RESULTS: The results of this study show that topically applied vitamin E does not help in improving the cosmetic appearance of scars and leads to a high incidence of contact dermatitis.
CONCLUSIONS: This study shows that there is no benefit to the cosmetic outcome of scars by applying vitamin E after skin surgery and that the application of topical vitamin E may actually be detrimental to the cosmetic appearance of a scar. In 90% of the cases in this study, topical vitamin E either had no effect on, or actually worsened, the cosmetic appearance of scars. Of the patients studied, 33% developed a contact dermatitis to the vitamin E. Therefore we conclude that use of topical vitamin E on surgical wounds should be discouraged.
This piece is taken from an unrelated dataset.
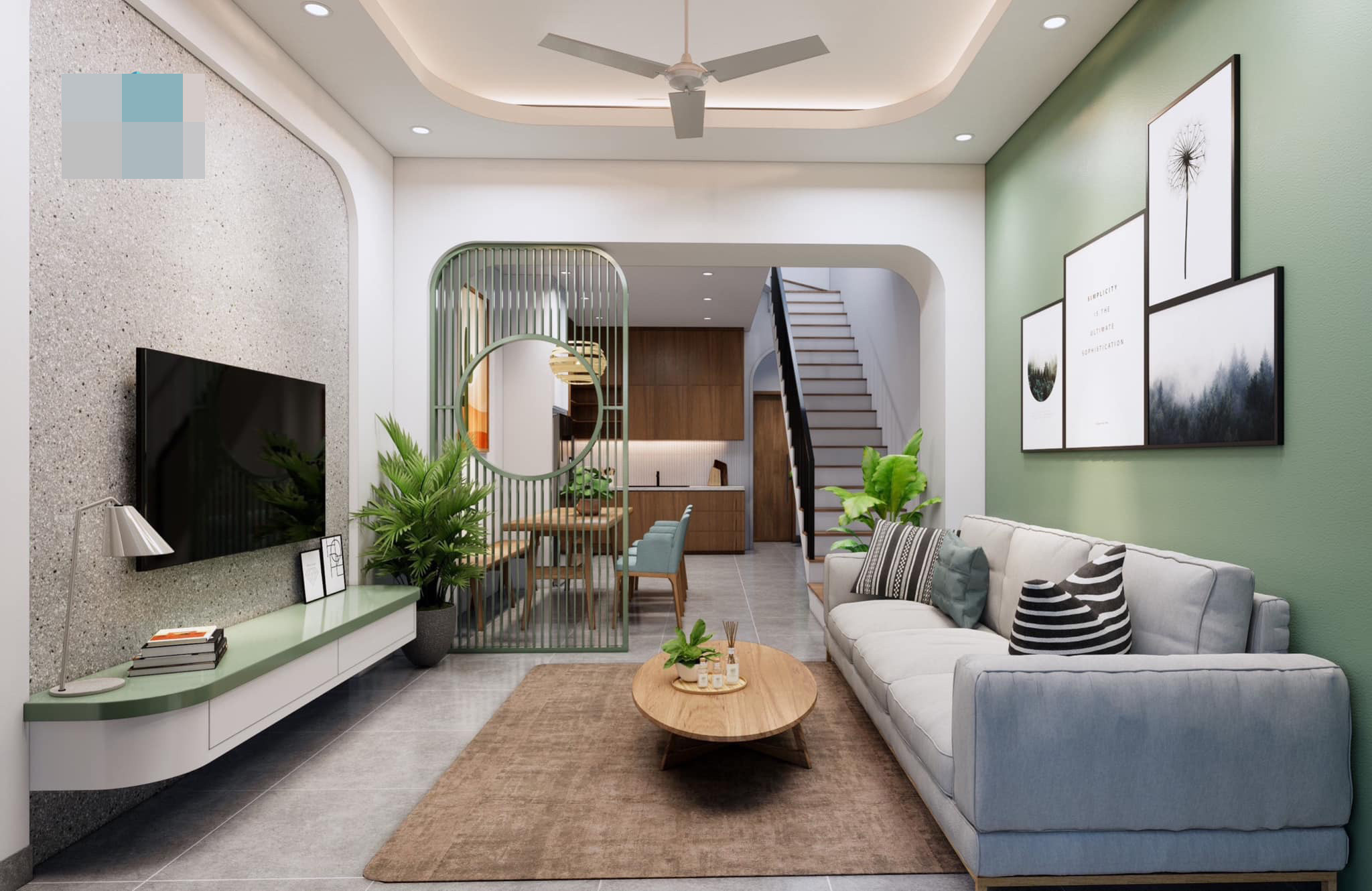 Phòng khách và bếp thông suốt, chỉ ngăn bằng bức vách lam gỗ màu xanh lá dịu mát. Cách thiết kế không gian mở như vậy giúp nhà rộng hơn về mặt cảm quan.

Effect of dietary antioxidants on serum lipid contents and immunoglobulin productivity of lymphocytes in Sprague-Dawley rats
Kaku S, Yunoki S, Mori M, Ohkura K, Nonaka M, Sugano M, Yamada K
Biosci Biotechnol Biochem. 1999 Mar;63(3):575-6.
Sprague-Dawley rats were fed alpha-tocopherol, tocotrienol, or quercetin to examine their dietary effects on serum lipid contents and immunoglobulin productivity. In tocotrienol or quercetin groups, serum triglyceride was lower than in the none group. Moreover, in the alpha-tocopherol group, serum IgA level and IgA productivity of MLN lymphocytes were high, while in the tocotrienol group, IgM productivity of spleen lymphocytes and IgA, IgG, and IgM productivity of MLN lymphocytes were high. Thus, we suggested each antioxidant had different effects in rats.